Adapted from New Gold Mountain (2021), a series inspired by Dr Thompson's late grandmother, Harriet Woods, the new installation transforms the bustling pedestrian bridge into an open-air sonic and sculptural experience.
Dr Thompson recalls that the earlier series "looked at my Chinese-Australian Gold Rush heritage," as a way of telling "my grandmother's story".
"Bringing both of those intersections of my visual heritage and also my Chinese-Australian heritage together in one body of work," they tell National Indigenous Times.
"And part of that series was a sound work called Burdi Burdi — which means fire fire — that I presented a year later as part of Melbourne Now."
That version, staged as a red-lit room of immersive quadraphonic sound, placed the colour red — long associated with joy, celebration and good fortune in Chinese culture — at its heart.
"I was kind of trying to find a way to kind of integrate my grandmother's story and tell that part of my intersections of my own background," Dr Thompson says.
"It's really special to be able to present my work in this way, in such a landmark space in the centre of Melbourne."

Now, Burdi Burdi returns in an expanded form, spilling out across the Yarra/Birrarung. The bridge itself becomes the artwork: illuminated in vivid red, resonant with sound, a quiet space of remembrance and reflection.
"It will be turned into an outdoor, immersive light and sound installation as people cross over the bridge," Dr Thompson says. "The whole bridge is illuminated bright red. And so this work is really a kind of homage to my grandmother and her story."
The installation sits in tension with the surrounding city: modern glass and concrete meeting ancient stories and symbols.
"I think it also kind of reads as such a kind of symbolic kind of color," Dr Thompson says. "Colour of power, protection, of abundance, of healing, of prosperity."
Threaded through the work are two recurring motifs: fire and gold. Fire, as ancestral energy and survival. Gold, as memory of migration and promise, tied to the journeys of Chinese miners who once named the Australian Goldfields Xin Jin Shan — New Gold Mountain.

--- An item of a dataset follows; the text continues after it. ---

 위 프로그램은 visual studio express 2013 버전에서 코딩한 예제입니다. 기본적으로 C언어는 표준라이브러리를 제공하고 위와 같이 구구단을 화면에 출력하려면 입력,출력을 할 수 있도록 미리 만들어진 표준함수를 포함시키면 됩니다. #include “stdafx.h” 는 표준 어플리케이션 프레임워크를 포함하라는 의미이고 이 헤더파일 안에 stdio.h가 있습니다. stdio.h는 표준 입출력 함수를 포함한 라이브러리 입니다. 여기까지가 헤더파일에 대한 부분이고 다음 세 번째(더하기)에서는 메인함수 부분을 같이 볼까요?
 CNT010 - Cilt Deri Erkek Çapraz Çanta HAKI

"That reference to New Gold Mountain or Xin Jin Shan — was what the early miners that were brought over from southern China referred to the Australian Gold Rush," Dr Thompson says.
"So gold is a kind of recurring theme of the kind of sort of reference to our Chinese Gold Rush heritage."

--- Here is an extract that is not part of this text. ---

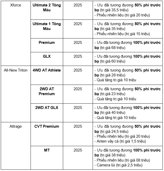 Ở phân khúc SUV cỡ nhỏ, Mitsubishi Xforce cũng được hưởng chính sách ưu đãi hấp dẫn. Hai phiên bản Premium và GLX nhận hỗ trợ tương đương 100% lệ phí trước bạ. Trong khi đó, phiên bản cao cấp Ultimate có gói khuyến mại hơn 55 triệu đồng, bao gồm hỗ trợ 50% phí trước bạ và phiếu nhiên liệu đi kèm.

The piece is, ultimately, an invitation to pause in the rush of the city and reflect on deeper histories.
"I think that it's a moment for people to consider the quite multicultural and quite complex intersections of our recent colonial history," Dr Thompson notes.
"I feel grateful to have my work recognised and celebrated and to be able to share it with the audience in this way."
Now or Never will take place in Naarm from Thursday, 21 – Sunday, 31 August. More than 285 local and international artists and creatives will take over iconic Melbourne venues and public spaces, including 30 new commissions making their Melbourne premiere.
Burdi Burdi, the installation by Dr Christian Thompson AO, is across the Evan Walker Bridge from 6pm — 11pm nightly and is free to visit.